# non-functioning windshield washers?



## cdb09007 (Aug 7, 2013)

Regular Washer Fluid freezes really easily, especially when you go in for an oil change and they "top you off". It could be just some OEM crap that came with the car, or got topped off with. If it says "stands to -20*" that doesn't mean it will. The reservoir usually will be fine up to that, but the lines leading to the sprayers freeze much easier.


----------



## Robby (Mar 1, 2013)

States that rarely see freezing weather generally only have washer solvent with a bug softener mixed......freezes at 32f.

Dealers in those states fill the tank with that product......so if you operate in below freezing weather.....yep, it freezes.

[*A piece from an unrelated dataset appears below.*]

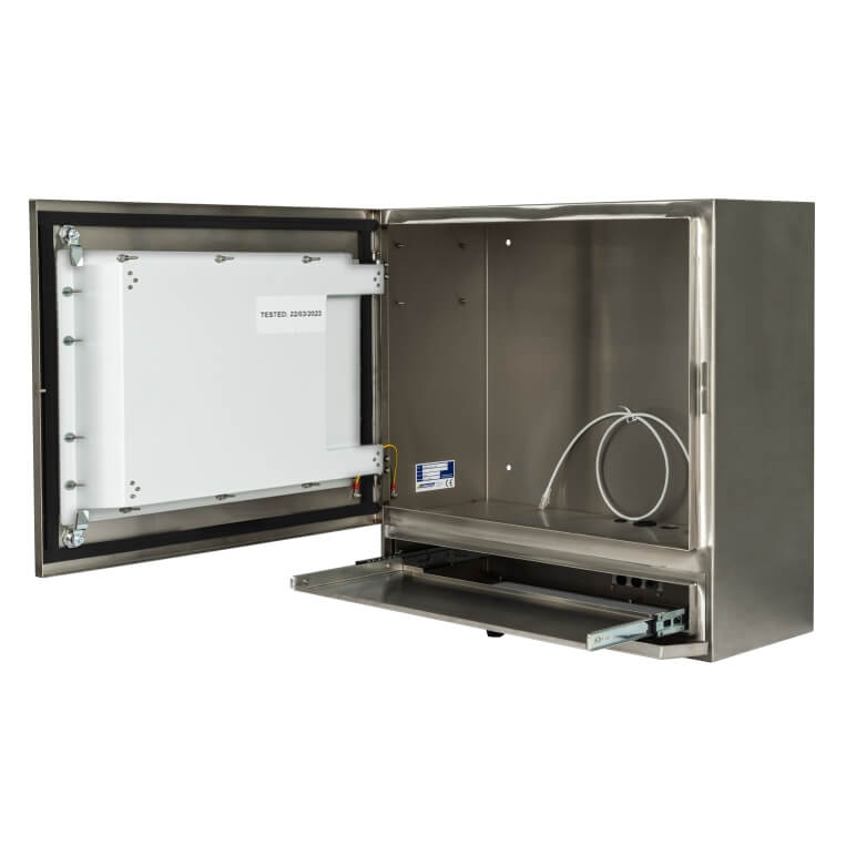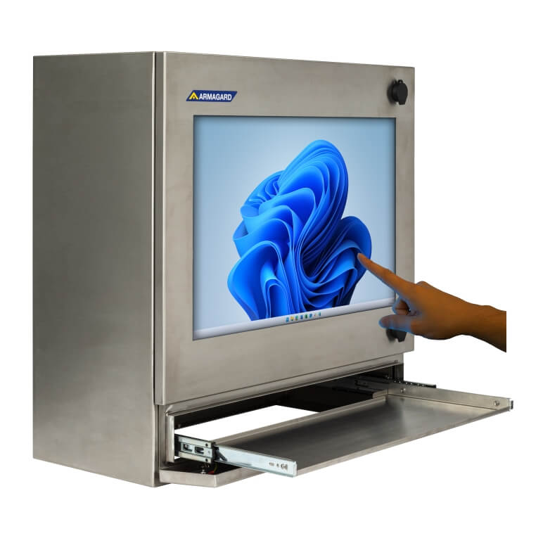 De SENC-550 biedt plaats aan een PC en touchscreen in RVS en creëert een IP65-geclassificeerd werkstation waarmee operators touch-gebaseerde software direct op de werkvloer kunnen gebruiken in hygiënische omgevingen.

Even if you added the -20 stuff......your tank holds approximatly one gallon so due to the intermix you still won't have maximum freeze protection.

The tank is inside the left front fender.....no engine heat migrates to that area......let the car sit in a above freezing area overnight.....if it then works, hold the button down and pump it out......start over with the -20 stuff.

Rob


----------



## diesel (Jun 8, 2013)

I've never had any issues like this in the 20 months I've owned the car, temps down below 0F and sitting outside.


----------



## revjpeterson (Oct 2, 2013)

It sounds like frozen lines to me. I know even the stuff that the dealers and oil change places here in Iowa put in isn't good enough for the low temps we sometimes get. I always buy a jug of the -35 degree stuff and top off before my oil change so that I make sure I've got purely the good stuff in and not the stuff that's going to freeze on me. I've even had the -35 fluid freeze on me at about -15 or -20.


----------



## Cruzator (Dec 31, 2014)

I had the same thing happen to mine when it got cold. The car had been on the lot since July. The alcohol in the windshield washer fluid, most likely had evaporated. I did top mine off with some fresh stuff. That seemed to solve the problem. I know the protection level is still very diluted, until I get more used up and filled with fresh fluid.


----------



## icecube58 (Jan 16, 2015)

thanks everyone..terrific response; v. helpful


----------



## Merc6 (Jun 8, 2013)

Yep, dealer top off for me in Cleveland was bad. Same goes for my moms truck when her dealer fills it. Rain X orange or the purple Windex seemed to be the best for winter conditions. Don't use the Rain X bottle that is intended to mix 4 oz with generic washer fluid with the Windex. It leaves a hazy film on the window for quite a bit.


----------



## Barefeet (Jan 1, 2014)

I wonder if the freezing occurs first at the spray nozzles. Alcohol will evaporate from the open nozzle, also rain and or snow could enter the nozzle making it freeze quickly. The nozzles are subject to the coldest air without any protection from the engine compartment. I try to use the washers more frequently in cold weather to keep fresh fluid flowing thru the system.


----------